Wilson Wenas Gelisah akan Tragedi Sel Surya

Jean Rizal Layuck
PERASAAN galau bercampur waswas menghinggapi Wilson Walery Wenas PhD ketika berbincang dengan Kompas, Senin (15/12), tentang masa depan listrik tenaga surya di Indonesia. Kepala Laboratorium Riset Semikonduktor Institut Teknologi Bandung ini menyatakan, nasib teknologi listrik tenaga surya yang dikuasai ITB bakal tidak ada manfaatnya apabila pemerintah terlambat menurunkan kebijakan pengembangannya.
Ironisnya lagi, tutur Wilson, jika kemudian Indonesia yang memiliki potensi tinggi di bidang teknologi sel surya (solar cell) ini lalu cuma jadi pasar potensial dari negara tetangga, seperti Thailand, Korea, dan Jepang, yang giat mengembangkan teknologi ini.
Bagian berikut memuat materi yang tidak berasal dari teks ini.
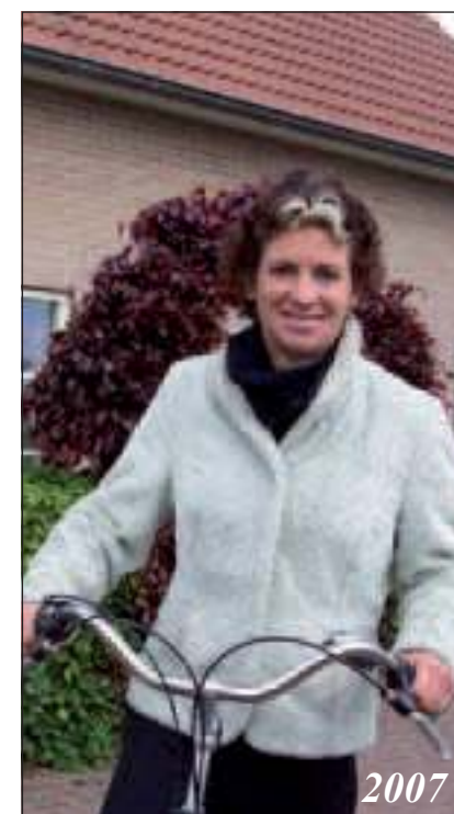
Minister Gerda Verburg op werkbezoek in Westbroek.
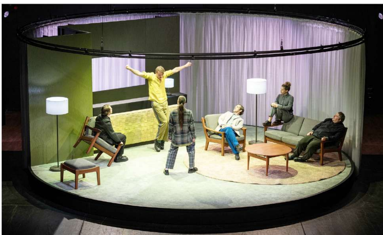
Thalia Theater Hamburg Toshiki Okada: Doughnuts Režie / Regie: Toshiki Okada
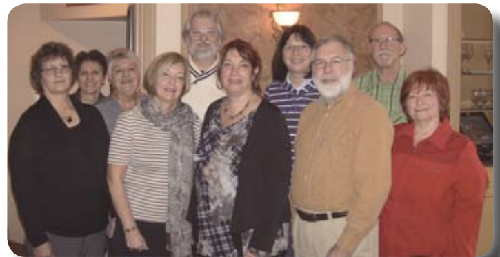
Les nouveaux membres de la Haute-Yamaska sont accueillis par les anciens au restaurant Di Carlo de Granby.
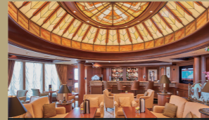
グリルズ・ラウンジ

キューナードでは、2つの専用ダイニングである「クイーンズ・グリル」と「プリンセス・グリル」を利用するカテゴリーを「グリルクラス」と称しています。グリルクラスだけのサービスや専用エリアでより快適な船内生活をお過ごしください。
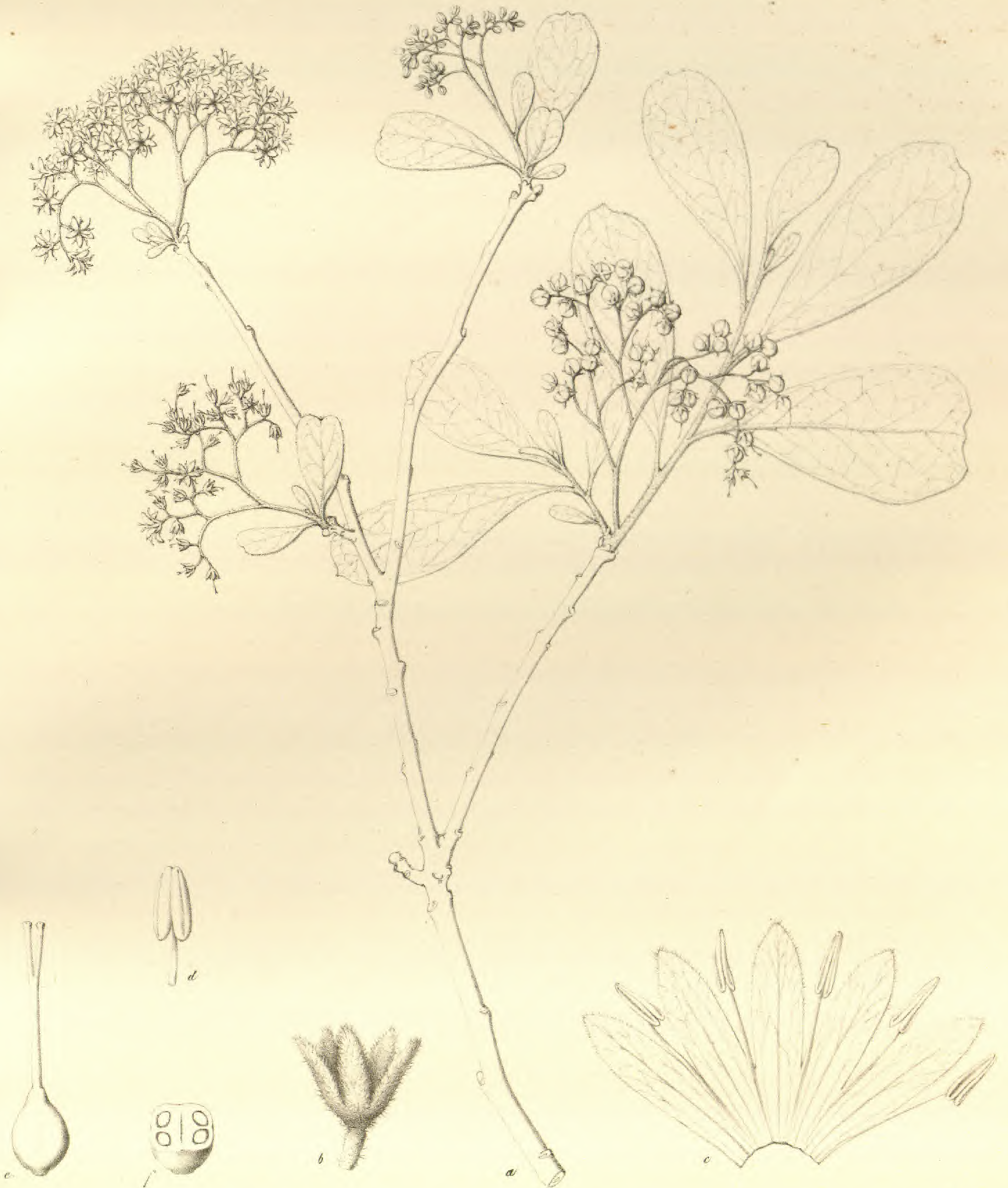
Ehretia amoena Klotzsch.
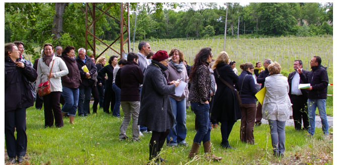
L’après-midi, l’échange entre les participants s’est effectué sur le territoire du SCoT du Bergeracois où une démarche paysagère menée par les étudiants-paysagistes de l’ensapBx était en cours.

“Kalau pemerintah terlambat menurunkan kebijakan pengembangan listrik tenaga surya seperti halnya saat pemerintah enggan memanfaatkan teknologi telepon seluler (handphone/HP) yang dikuasai ITB sejak 15 tahun lalu, sudah dapat diduga nasib teknologi solar cell ini akan sama dengan teknologi HP. Indonesia hanya akan menjadi pasar bagi negara produsen solar cell. Ini namanya tragedi,” kata Wilson
PERKEMBANGAN pesat sedang terjadi pada teknologi listrik tenaga surya. Pada saat Jepang mulai mengembangkan pada tahun 1974, harganya berkisar 20.000 yen per watt peak (Wp). Tahun 1985, harga turun menjadi 1.000 yen per Wp, dan dengan kemajuan pesat dalam riset dan pengembangan teknologi, harga per Wp turun lagi saat ini mencapai 140 yen.
Harga ini masih lebih mahal dari harga listrik konvensional sebesar 100 yen per Wp, tetapi mulai tahun 2020 harga pembangkitan listrik sel surya ini sudah bisa lebih murah 50 persen dari listrik konvensional.
Wilson yang juga Wakil Direktur Basic Science Center Fakultas Matematika dan Ilmu Pengetahuan Alam Institut Teknologi Bandung (ITB) mengatakan, dengan total intensitas penyinaran rata-rata 4,5 kWh per meter persegi per hari, Indonesia tergolong kaya sumber energi Matahari. Di samping itu, karena letaknya di khatulistiwa, Matahari bersinar di Indonesia per tahun berkisar 2.000 jam.
Sementara itu, menurut data tahun 1997 dari Ditjen Listrik dan Pengembangan Energi, kapasitas terpasang listrik tenaga surya di Indonesia baru mencapai 0,88 MW dari potensi yang tersedia 1,2 x 109 MW29.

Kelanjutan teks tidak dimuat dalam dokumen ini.